Fiona proclaims today Fiona Coyne Day. It’s not her birthday, she just wants Imogen to give her a foot massage followed by lady sex followed by lasagna dinner (each thing is followed by something precisely 1000x more awesome). Fiona wants to come over to Imogen’s house, but Imogen says she can’t, as her dad, Professor Moreno, is hard at work. It makes perfect sense that Imogen’s dad is a professor; only a father like that would have allowed Imogen to be the way she is. I’m surprised Imogen’s last name isn’t a hyphenated combination of both parents’ last names.

So Fiona and Imogen have a night at the castle. Fiona looks for something on TV, which leads to playful flirting. Fiona complains that she only gets basic cable due to being cut off from her fortune. Imogen hopes there will be “something monkey related” on.

Fiona: You’re monkey related.

Imogen: You take that back.

Then they have a tickle fight and kiss. This is actually not as awesome as Darkness karaoke.

Drew enters and makes the “wah chika wah wah” sound, which is appropriate, as this moment could not get any closer to the setup for a porno. Fiona tells Drew that he is a lousy roommate because he is a messy boy. Fiona says this right after she spilled a big bowl of popcorn. She blames Drew for the spill. Drew says that Fiona is plenty messy herself and there a bunch of wine stains on the carpet that were there before he moved in.
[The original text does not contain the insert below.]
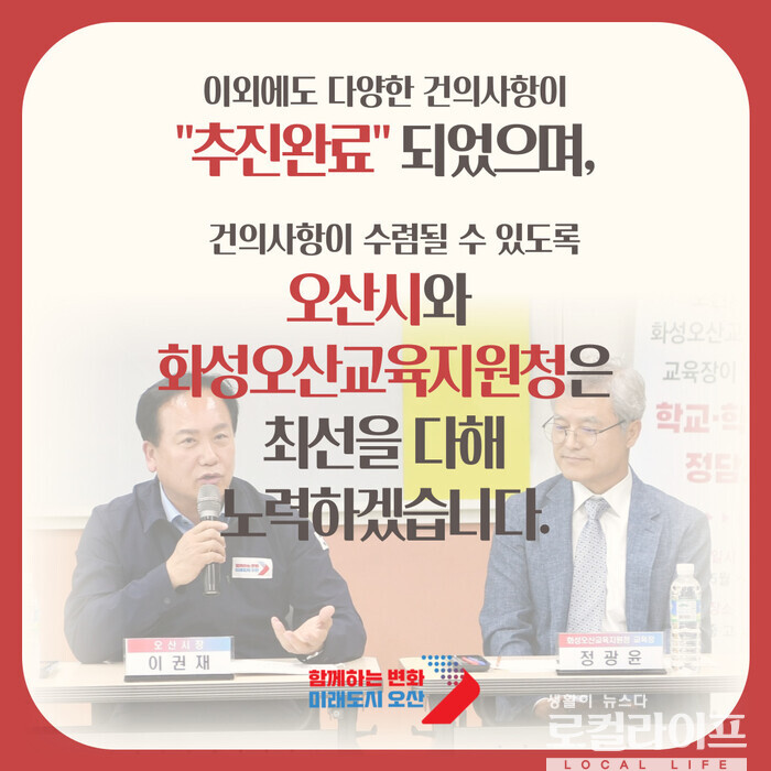 [오산=로컬라이프] 송준형 기자 = 이권재 오산시장이 ‘학교·학부모 정담회’를 통해 접수된 건의사항들에 대한 추진 의사를 밝혔다.

Fiona tells Drew that maybe they should not be roommates, but Drew is like, “Whatever” and doesn’t take her seriously because he knows she needs his help to pay for the castle upkeep.

The truth is Fiona is mad that Drew walked in on sexy lady times. They should make some space for Drew somewhere, then. Give him the east wing. I wonder why out of all the space in this palatial estate, everyone only ever spends time in the living room/kitchen area. Maybe the rest of the castle is haunted.

The next day, Fiona enters the castle to see that Drew has cleaned up. Actually, he only did half, which makes Drew awesome. Fiona will have to clean the other half. Fiona finds this outrageous. Fiona is a spoiled brat.